3.2 Bei summarischer Betrachtung ist die Begründung des vorinstanzlichen Entscheids nicht zu beanstanden. Art. 15d Abs. 1 SVG enthält eine Generalklausel, gestützt auf die eine Fahreignungsabklärung angeordnet werden kann, wenn an der Fahreignung Zweifel bestehen (VGr, 19. November 2020, VB.2020.007440, E. 4.5). Dass der Beschwerdeführer eine Streifkollision, welche einen circa einen Meter langen Kratzer am Fahrzeug des Unfallbeteiligten verursachte, nicht bemerkt hatte sowie auch der Umstand, dass er sich bei der polizeilichen Befragung am Patrouillenfahrzeug festhalten musste, liess Zweifel an seiner Fahreignung aufkommen. Auch dass die Tatsache, dass am Fahrzeug des Beschwerdeführers diverse Schäden unbekannten Ursprungs zu finden waren, angeführt wurde, ist vor diesem Hintergrund nicht zu beanstanden. Diese Zweifel gaben genügend Anlass für eine Fahreignungsabklärung und das öffentliche Interesse an der Sicherheit anderer im Strassenverkehr erforderte eine Massnahme wie die angeordnete. Da auch nicht ersichtlich ist, mit welchem milderen Mittel dieses Ziel hätte erreicht werden können, erweist sich die angeordnete Massnahme als verhältnismässig.

Die Vorinstanz hat sich sodann in ihrer Begründung mit den entscheidwesentlichen Punkten auseinandergesetzt und damit auch das rechtliche Gehör des Beschwerdeführers nicht verletzt. Demgemäss wäre der Beschwerdeführer bei summarischer Betrachtung unterlegen. Ihm sind daher die Gerichtskosten aufzuerlegen und es steht ihm keine Parteientschädigung zu.

4.  

Der vorliegende Entscheid stellt einen Zwischenentscheid sowie einen Entscheid über vorsorgliche Massnahmen dar (BGr, 6. Juli 2021, 1C_95/2021, E. 1). Dieser kann nur unter den Voraussetzungen von Art. 93 des Bundesgerichtsgesetzes vom 17. Juni 2005 (BGG) selbständig beim Bundesgericht angefochten werden.

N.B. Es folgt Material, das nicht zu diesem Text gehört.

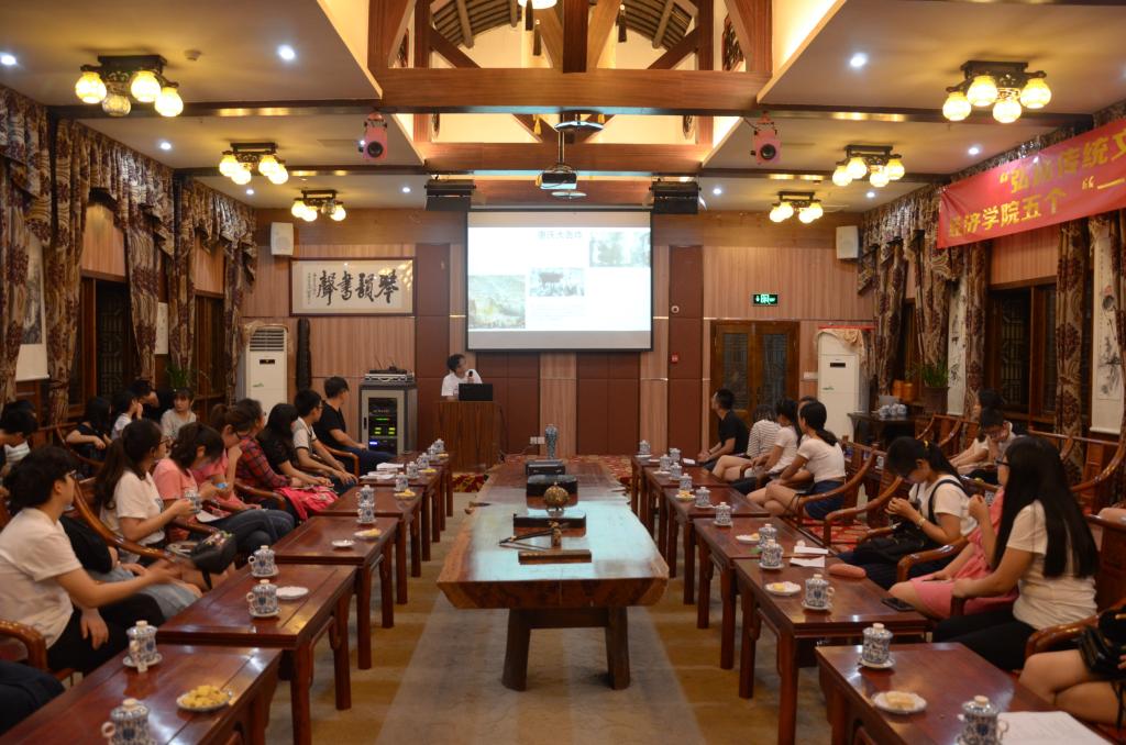 本次活动共有两个环节,分别为八组队伍的巴渝文化沙龙分享以及同学与老师对巴渝文化的感悟探讨。一段引人入胜的视频让同学们对巴渝文化有了初步了解,随后八组队伍的同学们通过图片、音频视频等形式从自己的视角针对巴渝文化中的的山水、建筑、桥梁、美食、历史等方面分享了自己的感受。沙龙分享后,王逸虹教授对几支队伍的分享进行了点评。他认为同学们在探寻巴渝文化的奥秘时,选取了最能体现巴渝文化内涵的图景,并且内容也十分深入和温暖。同时,他也对公司开展的五个“一”系列活动表示赞许,认为当代老员工应该具备这种热爱并弘扬传统文化的“新儒商”精神。

Hinzuweisen ist sodann auf Art. 98 BGG, wonach mit der Beschwerde gegen Entscheide über vorsorgliche Massnahmen nur die Verletzung verfassungsmässiger Rechte gerügt werden kann.

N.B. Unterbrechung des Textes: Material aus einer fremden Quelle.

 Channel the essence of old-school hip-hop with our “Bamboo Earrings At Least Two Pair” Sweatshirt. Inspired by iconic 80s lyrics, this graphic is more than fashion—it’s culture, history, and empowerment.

Demgemäss verfügt der Einzelrichter:

1.    Das Verfahren wird als gegenstandslos geworden abgeschrieben.

2.    Die Gerichtsgebühr wird festgesetzt auf Fr.    500.--;    die übrigen Kosten betragen: Fr.    170.--     Zustellkosten, Fr.    670.--     Total der Kosten.

3.    Die Gerichtskosten werden dem Beschwerdeführer auferlegt.

4.    Es wird keine Parteientschädigung zugesprochen.

5.    Gegen diese Verfügung kann im Sinne der Erwägungen Beschwerde in öffentlich-rechtlichen Angelegenheiten nach Art. 82 ff. des Bundesgerichtsgesetzes erhoben werden. Die Beschwerde ist innert 30 Tagen, von der Zustellung an gerechnet, beim Bundesgericht, 1000 Lausanne 14, einzureichen.

6.    Mitteilung an: a)    die Parteien; b)    die Sicherheitsdirektion, Rekursabteilung; c)    das Bundesamt für Strassen (ASTRA), Sekretariat Administrativmassnahmen.